Can Labor win the war on gambling advertising or will it capitulate in a brutal betrayal? | Malcolm Farr

When it comes to culture wars there are few more fiercely defended bastions than the culture of gambling in Australia, where resistance to change can be brutal.

The money involved is massive and so is the political peril faced by any government willing to take the industry on.

The prime minister, Anthony Albanese, risks the appearance of capitulation to that industry should he next year reject – or dilute – proposals to ban gambling advertising in its most pernicious forms.

Further, he could be accused of abandoning thousands locked in gambling addictions, which can be fed by temptations seen on family television programs and social media.

On the political front, the government must stare down angry media outlets that are themselves entrenched in the gambling ad business and would claim they have already made concessions to reduce the social problems it produces.

For example, there can no longer be gambling ads during children’s programs – hardly a frivolous veto, given the concern over youngsters taking gambling as attractive. A cynic might note that’s not when grow-up punters, the ones with money, are watching.

Televised sport has also had to ensure no gambling identities sneak into shot unannounced. Broadcasters must make sure anyone representing a gambling organisation is clearly identified and doesn’t join the commentary crew.

So there has been a recognition that gambling promotion is not always appropriate.

But it’s not gambling itself which the Albanese government has been urged to ban. It’s the promotion of it in those TV, radio, and online advertisements most have seen, with the attached taglines carrying puny warning of potential harm.

Cigarette packs might carry warnings of painful death, but gambling ads don’t mention in similar graphic form the threat of destitution.

The insignificance of the warnings is magnified when you consider the size of the gambling industry, estimated to be worth $425bn a year and growing.

The related ad market is also huge. An analysis commissioned by the Australian Communications and Media Authority found between May 2022 and April 2023 there had been more than a million gambling ads on free-to-air television and radio, worth an estimated $238m.

A House of Representatives committee produced a cross-party recommendation for a four-step elimination of gambling advertising, beginning with a ban on gambling ads during news and current affairs programs, on social media and online, and on radio during school dropoff and pickup times.

After three years there would be a ban on ads an hour before and after a sporting event, a halt to all broadcast advertising of online gambling between 6am to 10pm, and an end to all online gambling advertising and sponsorship.

That’s the blueprint Albanese is now considering.

He might take some relief from the public stance of the opposition leader, Peter Dutton, who in May supported a ban on ads during and an hour either side of a televised sporting fixture.

And there may be comfort from a May opinion poll in the Australian Financial Review that found 70% of respondents supported that ban.

However, Dutton has been mute on other measures. He said in June he wants to see the government’s response.

Further, outspoken Nationals could harness punters against any government bans.

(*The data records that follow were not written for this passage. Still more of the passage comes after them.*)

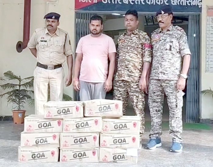पखांजूर। लगातार पखांजुर पुलिस को सूचना मिल रही थी कि मिन्टू सरकार उर्फ सोनू अवैध शराब बिक्री करने का धंधा करता है,और मध्य प्रदेश की शराब छत्तीसगढ़ में खपाया जा रहा था। दो अक्टूबर की मुखबीर से सूचना मिली कि मिंटू सरकार उर्फ सोनू अपने किराये के मकान शुभपल्ली पखांजुर में अवैध शराब रखकर बिक्री करने ग्राहक तलाश कर रहा है जिसकी सूचना की तस्दीक हेतु उच्च अधिकारियों को अवगत कराकर पखांजूर पुलिस टीम तत्काल मुखबीर के बताये स्थान पर घेराबंदी कर रेड कार्यवाही किया गया। मिन्टू सरकार उर्फ सोनू किराये के मकान तलाशी लेने पर 11 पेटी अंग्रेजी शराब मिला जिसमें फॉर सेल इन मध्य प्रदेश ऑनली निर्मित लिखा हुआ शराब 11 पेटी में कुल 528 पौबा फुल 95.04 लीटर कीमती 63,360/रु. का शराब मिला। आरोपी के विरूद्ध धारा 34 (2) आबकारी एक्ट का कार्यवाही किया गया। यह कार्यवाही श्रीमान उमनि. वरिष्ठ पुलिस अधीक्षक कांकेर आई. के. एलेसेला के निर्देशन पर अति. पुलिस अधीक्षक पखांजुर राकेश कुर्रे, एसडीओपी पखांजूर रवि खुजूर के पर्यवेक्षण तथा थाना प्रभारी पखांजूर लक्ष्मण केवट के नेतृत्व में अवैध रूप से अंग्रेजी शराब रखकर बिक्री करने के लिये ग्राहक तलाश करने वाले आरोपी मिन्टू सरकार उर्फ सोनू को हिरासत में लेकर पूछताछ करने किया जुर्म स्वीकार करने पर दो अक्टूबर को गिरफ्तार कर माननीय न्यायालय पखांजूर में पेश किया गया। माननीय न्यायालय के आदेश पर न्यायिक रिमाण्ड पर जेल भेजा गया। आरोपी को गिरफ्तार करने में सउनि. वेदन सलामे, समोद शर्मा पुरुषोत्तम ठाकुर, प्रधान आरक्षक लिहेन्द्र देवांगन, सबेन टोप्पो, हेमंत द्विवेदी, जोसेफ बड़ा, परमेश्वर कुंजाम, सरोज मण्डावी का विशेष योगदान रहा है।
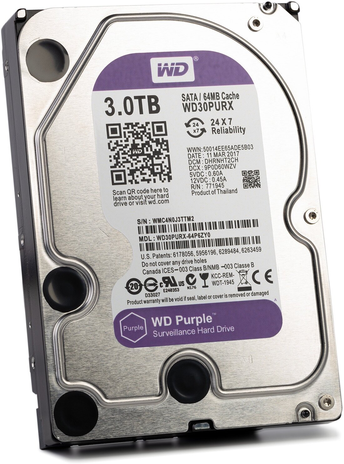 Жесткий диск 3.5" WESTERN DIGITAL WD Purple 3 ТБ, SATA III, 64 Mb, 5400 rpm (WD30PURX)
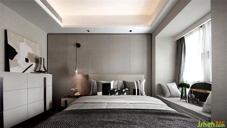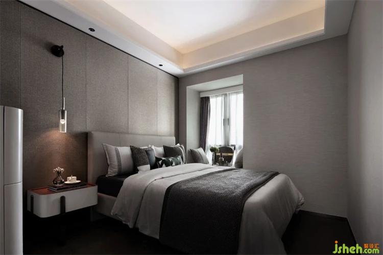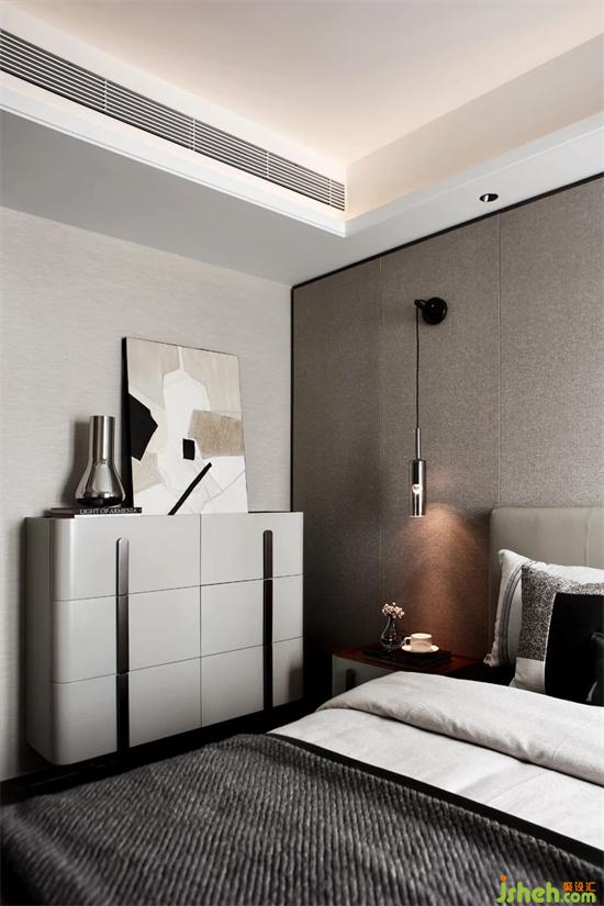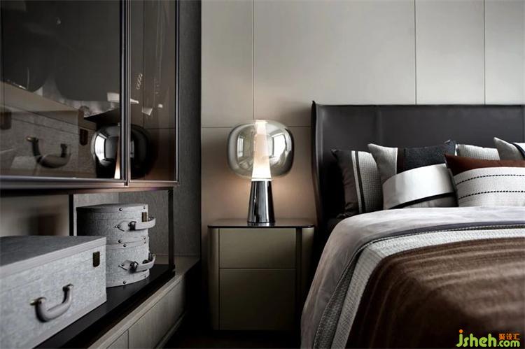 床頭柜的一抹幽幽橙光,中和了整體的灰色調(diào),提亮了整個空間,深圳崗宏融湖居精裝提升樣板房設(shè)計營造出別致的高級感與靜謐氛圍,柔和的光從上方的吊燈傾瀉而來,浪漫的氣息也隨之彌漫到房間各處。
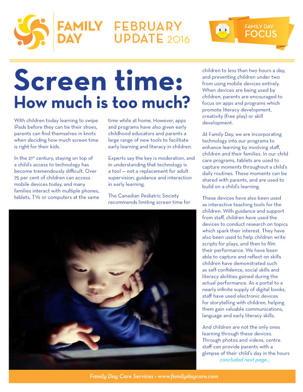 Welcome to 2016! The world of early learning and child care continues to evolve and transform with another set of regulation changes potentially arriving from the provincial government over the next couple of months. Family Day continues to work through the previous regulation changes for both our licensed home child care programs, and for our centre-based child care and school age programs. Through all this, our goal continues to be that of maintaining excellent program quality, and ensuring that children and families enjoy the programming they attend.

In June Nationals MPs Barnaby Joyce and Keith Pitt argued against total bans on online advertising for gambling, saying it was a “legitimate industry” and a ban might wreck media companies.

“You can moralise to an extent but I’d need some convincing [on a total ban],” Joyce told Guardian Australia.

Should Albanese either reject or dilute the bans, he would be accused of wimping under pressure from major media outlets and the gambling industry. Dutton would be keen to highlight a perceived weakness.

Plus, should he adopt the bans he might rile some regional MPs who would campaign as a punter’s friend.

Said Pitt: “We shouldn’t absolutely prohibit it, because there are some people who quite like a punt, it’s a legitimate industry.”

And Albanese could end up in serious trouble with some of his own troops, as well as the feisty crossbenches in the House of Representatives and the Senate, should he retreat from the plan.

A rejection would also be seen by some as a betrayal of a most personal kind.

Albanese showed genuine grief over the death of Peta Murphy, a Labor backbencher who led the ad ban campaign in the House of Representatives committee.

That grief and his respect for her campaign give him little room to move. They oblige him to honour her memory and her words or face a charge of hypocrisy.

“Gambling advertising is grooming children and young people to gamble, and encourages riskier behaviour. The torrent of advertising is inescapable,” Murphy wrote in the committee report.